Ø  MURSALIM (90400114099)


AKUNTANSI 2014
FAKULTAS EKONOMI DAN BISNIS ISLAM
UNIVERSITAS ISLAM NEGERI (UIN) ALAUDDIN MAKASSAR

BAB I

PENDAHULUAN

A.    Latar Belakang

Dunia  yang  berkembang  terus  dengan  jumlah  penduduk  yang  semakin  banyak menimbulkan  berbagai  macam  permasalahan  dalam  kehidupan  manusia  sehari-hari. Termasuk dalam hal ini adalah masalah bagaimana cara manusia untuk dapat mencukupi berbagai  kebutuhan  hidupnya  sehari-hari.  Masalah  ini  dapat  dikategorikan  sebagai masalah-masalah perekonomian.
Perkembangan ekonomi sangat terkait dengan kebijakan suatu pemerintahan, maka dalam prakteknya pada setiap masa pemerintahan sistem ekonomi ini memiliki wajah yang beragam. Adanya keragaman ini, kiranya dapat menjadi pelajaran berharga bagi setiap orde pemerintahan dalam perumusan suatu kebijakan yang sedapat mungkin bisa merujuk pada cita-cita mulia dari sistem ekonomi itu sendiri.
Dalam Islam dikenal dua macam kebijakan ekonomi yaitu, kebijakan ekonomi fiskal dan kebijakan ekonomi moneter. Dalam sejarah kebijakan ekonomi Islam banyak cendekiawan yang menyumbangkan pemikiran mengenai cara-cara mengatasi permasalahan ekonomi. Salah satunya yang paling terkenal adalah Ibnu Khaldun dengan teorinya konsep perpajakan.
Alasan suatu negara menerapkan konsep kebijakan ekonomi Islam adalah untuk memaksimalkan penggunaan sumber daya ekonomi yang ada dan  mengatasi masalah ekonomi antara lain semakin meningkatnya angka pengangguran, menurunnya daya beli masyarakat, menurunnya nilai investasi, dan sebagainya. Selain itu dalam melaksanakan kebijakan ekonomi sangat diperlukan peran serta pemerintah supaya tidak terjadi penyelewengan anggaran sehingga kesejahteraan masyarakat dapat tercapai.

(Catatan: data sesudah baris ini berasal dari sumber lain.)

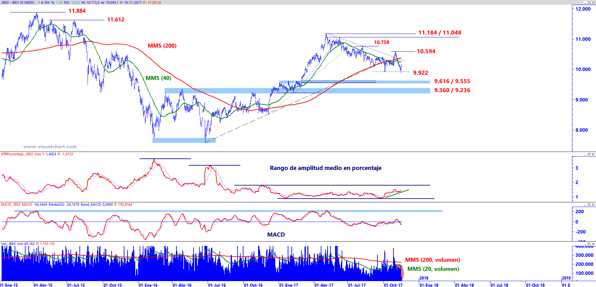 "El rebote es contundente en precio y deberá ser corroborado al cierre de mañana viernes, de trascendencia semanal, lo que permitiría a las compras ganar en confianza tras unas sesiones de continuo goteo a la baja que, sin embargo, no se ha visto respaldado por un repunte en el volumen de contratación. En este sentido, la consolidación por encima de los 9.922 puntos debería servir a las compras para buscar de nuevo los máximos de NOV17 situados en los 10.594 puntos", añade.

B.     Rumusan Masalah         
  1. Bagaimana konsep dasar perekonomian Islam?
  2. Bagaimana kebijakan fiskal dalam Islam?
  3. Bagaimana kebijakan moneter Islam?

C.    Tujuan Pembahasan
  1. Untuk mengetahui konsep dasar perekonomian Islam.
  2. Untuk mengetahui kebijakan fiskal dalam Islam.
  3. Untuk mengetahui kebijakan moneter dalam Islam.






















BAB II
PEMBAHASAN

A.                Konsep Dasar Perekonomian Islam
Konsep dasar ekonomi Islam berangkat dari pemahaman secara utuh dan mendalam terhadap filsafat ekonomi Islam. Karena implikasi dari asas filsafat ini dapat dijadikan sebagai kerangka konstruksi sosial dan tingkah laku sistem, yaitu tentang organisasi kepemilikan, pembatasan tingkah laku individual dan norma  pelaku ekonomi. Nilai-nilai dasar sistem ekonomi Islam merupakan implikasi dari asas filsafat ekonomi tauhid. Adapun nilai-nilai dasar daripada sistem ekonomi Islam adalah sebagai berikut:
Pertama, Nilai dasar kepemilikan. Kekhasan konsep Islam mengenai kepemilikan ini terletak pada kenyataan bahwa dalam Islam, legitimasi kepemilikan itu tergantung pada moral. Kepemilikan terletak pada memiliki kemanfaatannya dan bukan menguasainya secara mutlak atas sumber-sumber ekonomi karena kepemilikan harta secara absolut hanya ada pada Allah semata. Sehingga seorang Muslim yang tidak memproduksi manfaat dari sumber-sumber yang diamanatkan Allah padanya akan kehilangan hak atas sumber-sumber tersebut, seperti yang berlaku terhadap pemilikan lahan. Hadis Nabi saw:
 Garaplah tanah karena Allah dan Rasul, kemudian itu akan menjadi hakmu. Barang siapa menghidupkan sebidang tanah mati, maka tanah itu menjadi miliknya. Dan tidak berhak memilikinya orang yang sekedar memagarinya dengan tembok setelah tiga tahun.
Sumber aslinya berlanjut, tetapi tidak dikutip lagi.